Sisa yang ada, pemuda di asrama itu ada dua belas orang, pas dua orang per regu.
Cai Shaoying keluar dari rumah, berkata lembut, “Jangan hitung aku, setelah panen aku akan menikah, tidak akan melewati musim dingin di sini.”
Waidong tiba-tiba mengangkat kepala, menatapnya lama, lalu diam menunduk kembali.
Yang Juan memandang dan melotot tajam ke Cai Shaoying, berkata sinis, “Kalau kamu menikah dengan orang desa, masa depanmu bakal suram.”
Mendengar kata-kata kasar itu, Cai Shaoying tidak membalas, hanya berbalik masuk kembali ke rumah.
Rong Xiaoxiao mengamati, sepertinya ada cerita di antara tiga orang itu.
“Baiklah, tidak termasuk pemuda Cai, kita sebelas orang...” He Jiabao mulai bicara, tapi tiba-tiba ada yang angkat tangan, dia bertanya, “Pemuda Rong, ada yang ingin kamu katakan?”
“Jangan hitung aku juga, aku berencana pindah ke tempat lain nanti.”
Ucapan Rong Xiaoxiao membuat suasana halaman menjadi ramai.
“Kamu mau pindah dari asrama?”
“Kamu mau pindah ke mana?
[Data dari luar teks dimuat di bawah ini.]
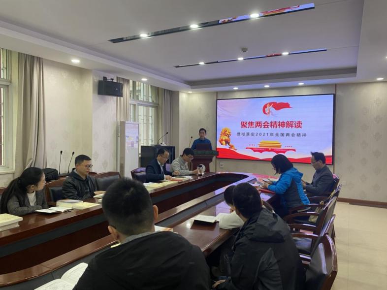 随后朱俊同志为大家进行了两会精神的解读学习,对政府工作报告透露的八大信号进行总结,并介绍了我国2021年要办的五十件大事。朱俊同志在对2020政府工作回顾、“十三五”时期发展成就及2021年重点工作等两会重点内容进行了汇总后谈到,我国未来许多大事与我们专业领域息息相关,鼓励支部同志在学习工作中聚焦国家需求,做出更大贡献。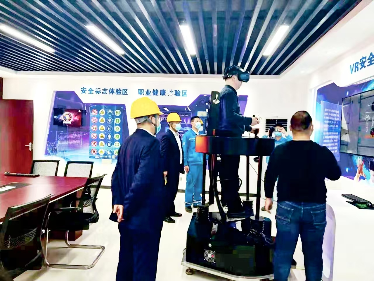 文化長(zhǎng)廊隔壁,是充滿科技感的安全警示教育室,VR體驗(yàn)、急救實(shí)操等設(shè)施一應(yīng)俱全。剛?cè)肼毜膯T工小林戴著眼鏡體驗(yàn)粉塵爆炸場(chǎng)景:當(dāng)虛擬空間中粉塵濃度飆升、警示燈爆閃的瞬間,座椅突然劇烈震動(dòng),仿佛身臨其境?!疤鸷沉耍嚷犑沃v座都管用?!闭卵坨R的他仍心有余悸,“以后每次進(jìn)入粉塵區(qū)域,都會(huì)自覺(jué)檢查防塵口罩密封度?!毙聠T工需在此完成24小時(shí)以上的安全培訓(xùn)方可上崗。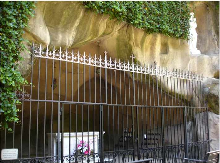 The Our Lady of Lourdes Grotto in Washington, D.C. at the Franciscan Monastery of the Holy Land in America was originally created in 1899. The grotto is a replica of the grotto in Lourdes, France where the Marian apparitions took place. It is located in the gardens of the monastery, secluded from the other areas to allow for quiet prayer and reflection time. Since it was created in 1899, it has been redesigned several times in order to accommodate more visitors, to make the grotto look more like the grotto in Lourdes, and to add the statues of Mary and the St. Bernadette.1 Mount Saint Sepulchre Franciscan Monastery. (2007). Virtual Tour. Retrieved from www.myfranciscan.org/VirtualTour.htmlAt first, the Mary statue was visible within the rock façade all year round, while the St. Bernadette statue was only displayed from 11 February to 16 July, the time period in which St. Bernadette received her visions from Mary.2 Rebsomen, André. 1926. Notre Dame de Lourdes; album du pélerin. Paris, France: Editions Spes.Many of the pilgrims who visited the Franciscan Monastery asked the monks to keep the St. Bernadette statue with the grotto all year long, so now the statue is out at all times (figs. 1-2).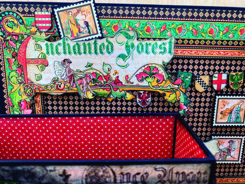 “Hello G45ers, Cecilia here happy to share a desk organizer tutorial created with the fantastique Enchanted Forest DCE paper collection. Because I don’t have a craft room and I use my bedroom to create I decided to make this organizer to storage all the papers, embellishments, cardstock and anything I’m using in the process of creating a new project, in that way I don’t need to look for the elements every day and when I finish I can put the leftover material in one bag to storage it in a rack. This organizer will always be at my desk to find everything quickly and easily. I really love to make my own storage boxes and you can find more ideas with tutorials in the Graphic 45 youtube channel. I hope you like this one and try it, don’t forget to tag me and tag G45 to see yours! Here are the materials list.”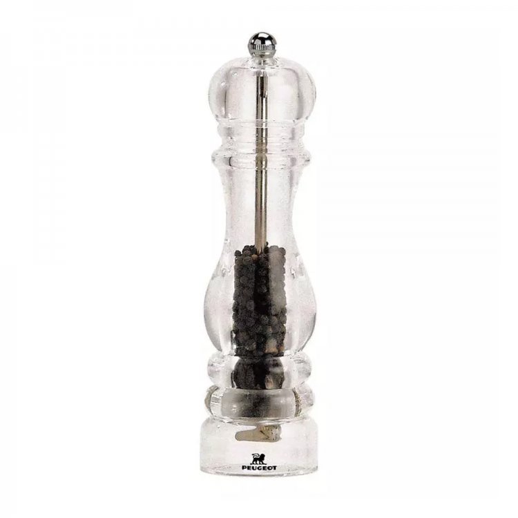 Macinapepe della linea Nancy di Peugeot, leader nel settore delle macine professionali per ristoranti ed hotel. Nancy è una linea dalla classica forma arrotondata in acrilico trasparente. La macina del pepe è in acciaio inox con meccanismo con doppia fila di denti elicoidali che catturano il grano, lo spingono verso il basso e lo bloccano per macinarlo perfettamente. Per un suo corretto utilizzo casa madre consiglia di utilizzare solo pepe in grani secchi da mm.5 o meno di diametro. Si può usare per macinare pepe verde, bianco o nero. Il pepe rosso invece può essere macinato solo se mescolato con altri grani di pepe (massimo 15% di miscela). Macina anche i semi di coriandolo purchè ben essiccati.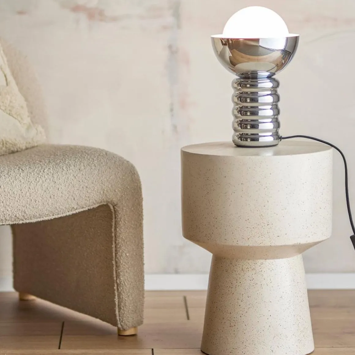 Spike de Bloomingville. La Lampe de table Spike de Bloomingville est une lampe décorative avec un design à bulles et une finition chromée brillante. Cette lampe est non seulement un luminaire de table accrocheur, mais aussi un objet décoratif qui ajoute une touche élégante à tout intérieur. Elle est parfaite pour être placée sur un rebord de fenêtre, une table de chevet ou un bureau.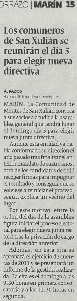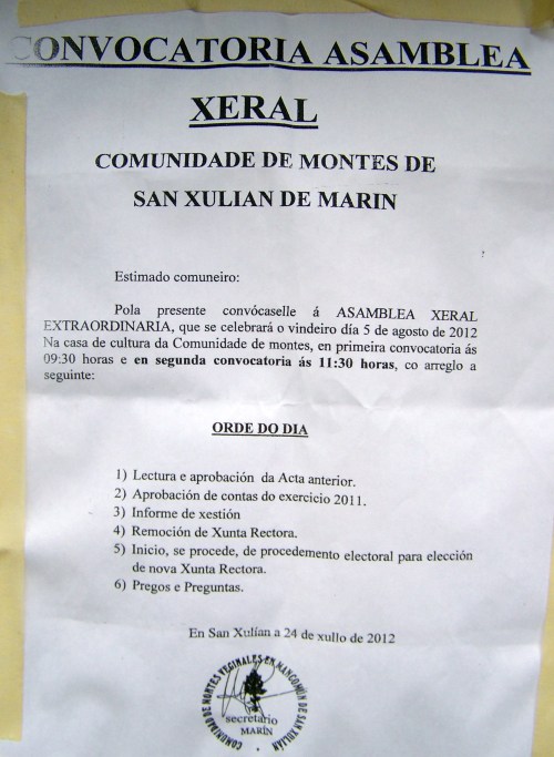 Este DOMINGO 5 de agosto celebrarase unha ASEMBLEA XERAL EXTRAORDINARIA da Comunidade de Montes de San Xulián, na Casa da Cultura. A primeira convocatoria é ás 09:30 horas da mañá, e a segunda, ás 11:30 horas. Chama a atención que a directiva escollera este horario tan atípico. Anteriores asembleas celebrábanse pola tarde, a partir das 17:00 ou 17:30h. Un horario asequible para practicamente todo o mundo. En cambio, esa decisión de trasladar unha asemblea xeral -que ademais ten carácter extraordinario, por tanto é importante- á franxa matinal, cabe interpretala con “mala baba”.

Sudah dapat rumah?”
“Asrama ini juga tidak buruk, kenapa harus pindah?”
He Jiabao mengerutkan kening, berjalan ke pojok yang kosong, “Pemuda Rong, boleh aku bicara berdua denganmu?”
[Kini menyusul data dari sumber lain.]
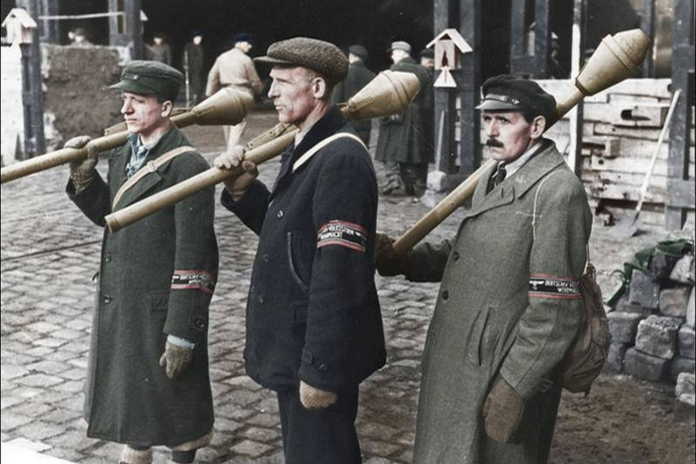 Příslušníci Volkssturmu s Panzerfausty v Berlíně, březen 1945. (foto: Wikimedia Commons, Bundesarchiv, CC BY-SA 4.0)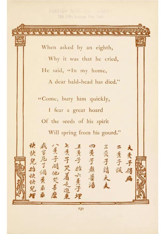 一首童谣,为什么有这样浓得惨烈又淡得凄迷的苦味?成年人的过度阐释赋予一首童谣太多的社会黑暗面这样合适吗?但这实实在在是一首童谣,据考证,其出处是北京、天津、河北一带流传着的“秃子童谣”。清朝末年旅华美国传教士何德兰(Isaac Taylor Headland)搜集了北京地区流传的一百五十首童谣,著成《孺子歌图》(Chinese Mother Goose rhymes)一书,在这一百多首童谣里,有一首名为“八个秃子”(Eight Bald-heads),与“兔子童谣”有着明显的联系,可能是关于“秃子童谣”的最早的记录。“兔子童谣”毫无疑问起源于秃子童谣,从“秃子”到“兔子”,明显是翻译的人由于南北方口音或者文化不同在传播中产生了一些差异。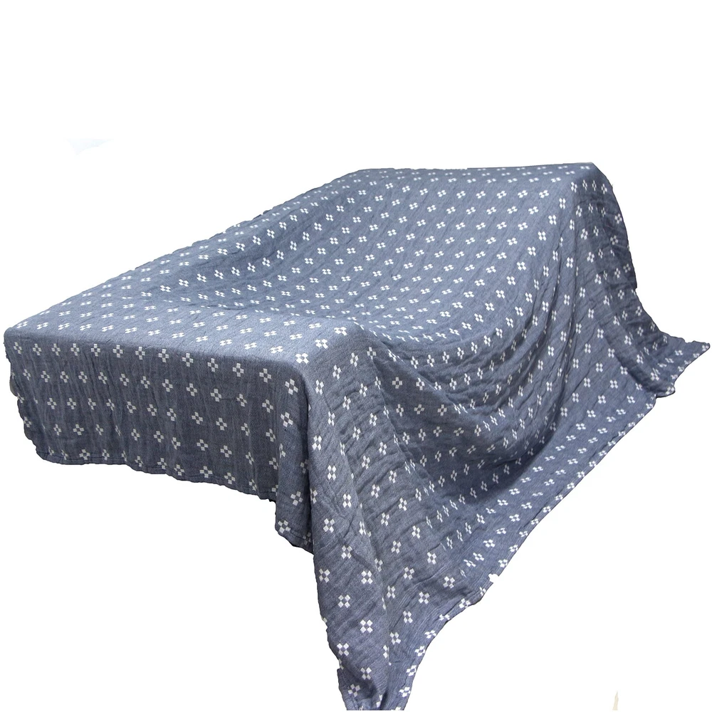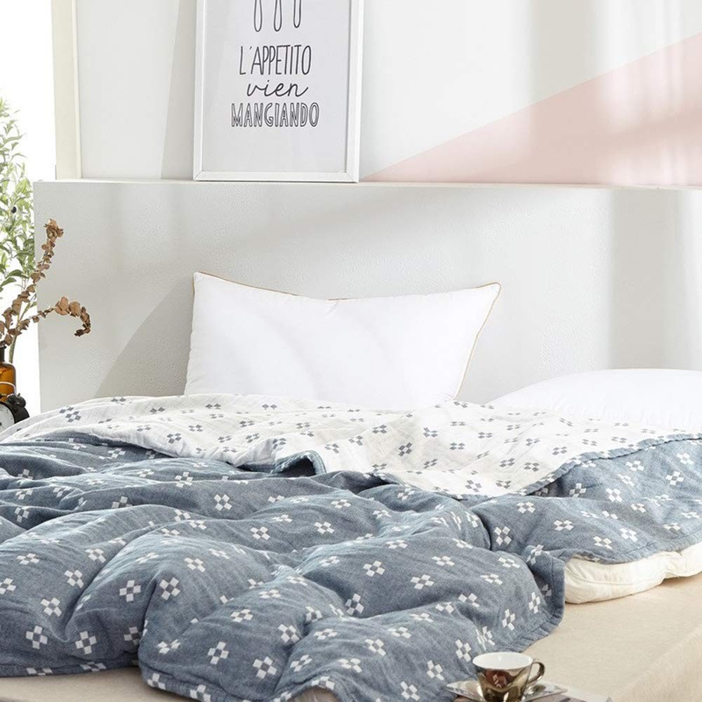 3 layer Cozy Lightweight Muslin Cotton Blanket,With Pattern,Blue,Twin 59''X78'' 2 Layer cozy Lightweight 100% Muslin Cotton Blanket With Pattern,Blue,Twin 59''X78'' Woven blankets have different patterns on both sides of ab and can be used on one side according to personal preference Comfortable cotton fiber, durable, skin friendly. Very comfortable helps you sleep Comfortable air permeability, sweating absorption, machine washable with high color fastness, will be softer after washing

Rong Xiaoxiao mengangguk, berjalan ke sana.
Mereka berdiri, He Jiabao dengan suara pelan berkata, “Kalau kamu mau pindah, pasti mau tinggal di rumah penduduk lokal, boleh tahu rumah siapa yang kamu incar?”
Dia bukan ingin kepo, tapi khawatir.
Regu mereka memang belum pernah ada masalah, tapi tidak berarti di tempat lain tidak pernah terjadi hal buruk.
Seorang wanita muda yang pindah ke rumah orang asing, jika di sana juga ada pria seusia, tentu harus waspada.
Lebih baik mencegah daripada menyesal.
Dia sudah lama di Regu Gunung Merah, cukup mengenal beberapa orang, bisa membantu memberikan saran untuk pemuda Rong.
Kalau rumah yang dipilih tidak cocok, dia harus membujuk pemuda Rong agar batal pindah, agar tidak terjadi hal buruk di kemudian hari.
Rong Xiaoxiao tidak menyembunyikan, “Belum pasti, sejauh ini baru lihat satu yang agak cocok, kalau kamu tahu yang cocok bisa kenalkan juga.”
He Jiabao mencatat, lalu bertanya, “Rumah siapa yang kamu lihat?”
“Rumah Niu Jelek.”
He Jiabao sedikit lega, “Rumah Niu Jelek memang bagus, Nenek Rong sangat baik hati, meski sudah buta tapi tetap bisa mengurus rumah dengan rapi, aku pernah ke sana sekali, sangat bersih.”
Rong Xiaoxiao terkejut, “Nenek Niu Jelek juga bermarga Rong?”
Tidak mungkin kebetulan...
Apakah karena menikah ke keluarga Rong sehingga dipanggil Nenek Rong, atau memang bermarga Rong dari lahir?